Isner's story will continue to be written over the next few months. Despite a tough Aussie swing that saw the gas run out in a five setter versus Feliciano Lopez in Melbourne, the narative seems to have shifted. This could well be the first big win of a career year for the Greensboro Giant. Federer, on the other hand was left to rue missed opportunity and also to depend on Wawrinka to help him salvage a shot at the win.
Federer came out alongside Wawrinka on the second day against the makeshift doubles pairing of singles No. 8 Mardy Fish and a twin-less Mike Bryan. This was a chance to get off the ropes, and if it were going to happen, Federer would have to play a big part. The Swiss had no doubles specialists to play alongside their singles No. 1, but these two aren't exactly an unproven pair, they did win Olympic gold as a team in 2008.
On the American side, Fish is best known for his singles prowess, but he's actually won more doubles titles than singles, eight versus six. While Fish has never won a tournament above the 250-level in singles, he won a Masters 1000 doubles crown (Indian Wells in 2009). Fish, yesterday, partnered Mike Bryan, a 13-time major champion with a career grand slam of his own in doubles.

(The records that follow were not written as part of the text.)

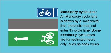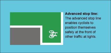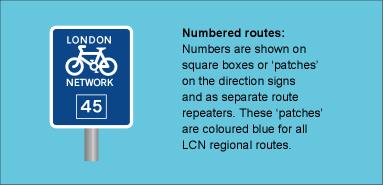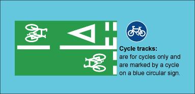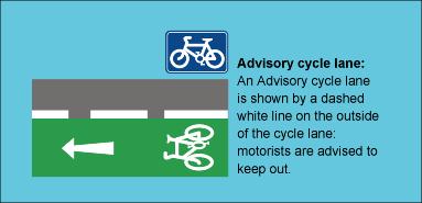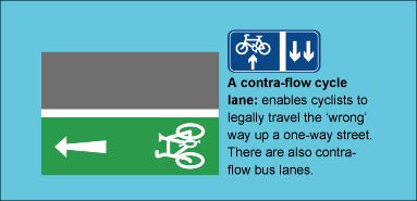 Cycle lanes may be coloured green or red. Some routes may also be numbered
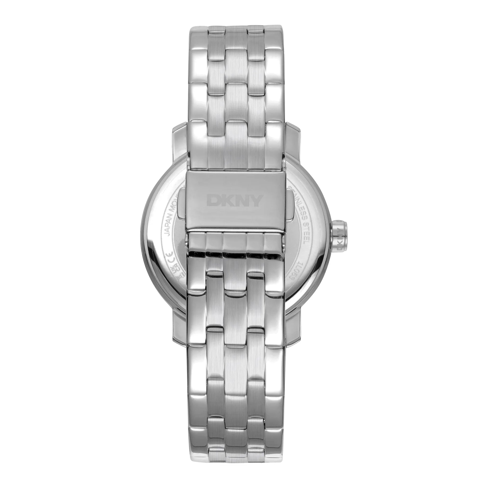 In the heart of urban elegance, where fashion meets functionality, the DKNY Chambers Maxi watch emerges as a beacon of style for the modern woman. Crafted with precision, this timepiece embodies the essence of contemporary sophistication. Its round case, bathed in a sleek silver grey hue, captures the light with a subtle shimmer, echoing the dynamic spirit of the city. The 36mm diameter strikes a perfect balance between bold presence and graceful wearability, making it an ideal accessory for any occasion. Water-resistant up to 50 meters, it promises reliability whether you're navigating the bustling streets or enjoying a serene day by the water. The mineral crystal face offers a clear view of the dial, which is a harmonious extension of the case's silver grey palette, creating a seamless visual flow. The pull & push crown adds a touch of practicality, ensuring easy time adjustments. Encircling the wrist with a stainless steel band, this watch exudes a refined design, its silver grey tones mirroring the case for a cohesive look. The butterfly deployant clasp with a push-button ensures a secure fit, combining convenience with elegance. Powered by a precise quartz movement, the watch features a classic 3-hand display, offering a timeless approach to timekeeping. The DKNY Chambers Maxi watch is not just an accessory, it's a statement of fashion-forward thinking, a testament to the wearer's impeccable taste and appreciation for the finer things in life.
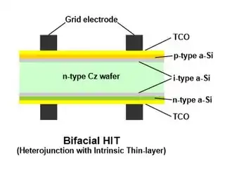 - Здебільшого виготовляється (напр Panasonic, Hanergy ) на пластині c-Si типу n

Still, they were playing Roger Federer on clay, in Switzerland. In every plausible scenario in which the US won this tie, it was 3-2 and the doubles point was pivotal to delivering the result. After Friday's shocking result, the pressure shifted. Now, the doubles point was do or die for the Swiss. Federer & Wawrinka got off to a good start, breaking Mardy Fish in the first game and riding that to a first set win, but when all was said and done, the Americans would prevail 4-6, 6-3, 6-3, 6-3. While the Americans move on in the Davis Cup, Federer and the Swiss were sent down to defeat. Looking back to Australia, the World No. 3 has lost his last three matches. When was the last time that happened?

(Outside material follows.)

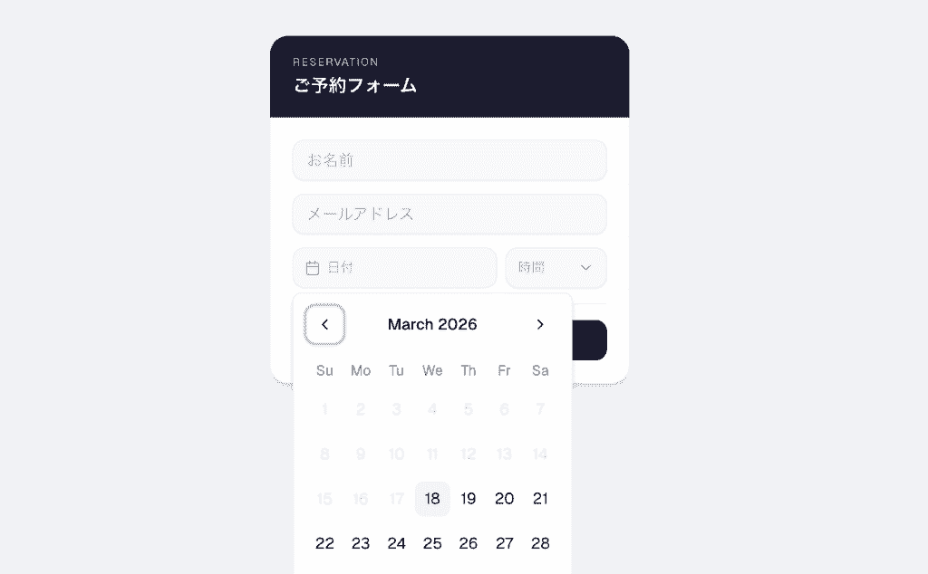 モダンでクリーンなデザインの予約フォームUIコンポーネントを作成してください。

Federer has long prioritized Grand Slam play over Davis Cup, but one had to believe that his willingness to significantly alter his routine and travel to Switzerland instead of doing his usual February conditioning work in Dubai meant something. Presumably, it signaled a change in his feeling about the event, a sudden desire to see if he could will Switzerland to the title, or at least into the next round. At this point in Federer's career it's all about the legacy. Federer's pursuit of grand slam glory throughout his career and the nervousness with which he won that pivotal 2009 French Open (after Nadal had been cleared from his path) show he's far from blind to that fact. It's hard to believe given his reverence for the history of the game, that winning the Davis Cup isn't on Federer's tennis bucket list. Why? Well, of the few Open era players that can be considered of a similar caliber to Federer (Sampras, Borg, Laver, Nadal, Agassi), every single one of them has helped their nation claim the Davis Cup. Even recent rival Novak Djokovic has already delivered Serbia a drink from the Davis Cup.
Granted, Federer's done a number of things the other would-be GOATs haven't, but with every passing year that Federer doesn't make a serious assault on the Davis Cup it leaves a question and a line on his resume open. A hole that presumably, time is running out to fill.